U.S. researchers say they've been successful in genetically engineering one-of-a-kind stem cells capable of producing and secreting a toxin that can kill brain cancer cells.
Scientists at Harvard University report experiments in which the toxin-carrying stem cells were used to kill cancer cells left behind in the brains of mice after the main tumor had been removed.
Previous clinical trials which attempted to introduce cancer-destroying toxins into patients' brains failed because of toxin-delivery issues, leading the Harvard scientists to turn to stem cells as possible delivery "vehicles."
"Cancer-killing toxins have been used with great success in a variety of blood cancers, but they don't work as well in solid tumors because the cancers aren't as accessible and the toxins have a short half-life," says research leader Khalid Shah of the Harvard Stem Cell Institute.
While it has long been assumed that stem cells could be utilized to continuously deliver therapeutic toxins to brain tumors, the challenge has been to create stem cells that would not themselves be killed by the toxins, the researchers said.
The solution, the researchers report in the journal Stem Cells, was to create stem cells possessing a mutation that keeps the toxins from acting inside the cell.

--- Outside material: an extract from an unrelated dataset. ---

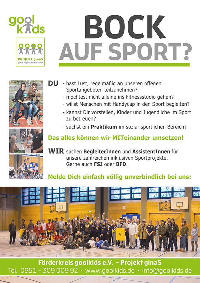 So lauten zwei unserer Kernthemen, die wir mit Begeisterung und gemeinsam mit ehrenamtlichem Nachwuchs als goolkids-Sport-team anpacken. Um den erweiterten Anforderungen gerecht werden zu können, suchen wir viele weitere neugierige und kreative Teamplayer!

"Now, we have toxin-resistant stem cells that can make and release cancer-killing drugs," Shah says.
Once in the brain, the specially-tagged toxins will only enter cancer cells displaying certain specific surface molecules, so the cancer can be attacked with any risk to normal cells, the researchers reported.
"After doing all of the molecular analysis and imaging to track the inhibition of protein synthesis within brain tumors, we do see the toxins kill the cancer cells," Shah says.
Other cancer scientists said the Harvard work could signal the introduction of a new regimen of cancer therapies.
Such therapies could help increase survival rates and drive progress in the treatment of brain cancers such as glioblastoma, the most common brain tumor in adult human, they said.
"It shows you can attack solid tumors by putting mini pharmacies inside the patient which deliver the toxic payload direct to the tumor," said Chris Mason, professor of regenerative medicine at University College London.
Shah said therapies using genetically modified stem cells to deliver cancer drugs directly to the brain could see human clinical trials in the next 5 years, and that he and his team are currently seeking FDA approval for such trials.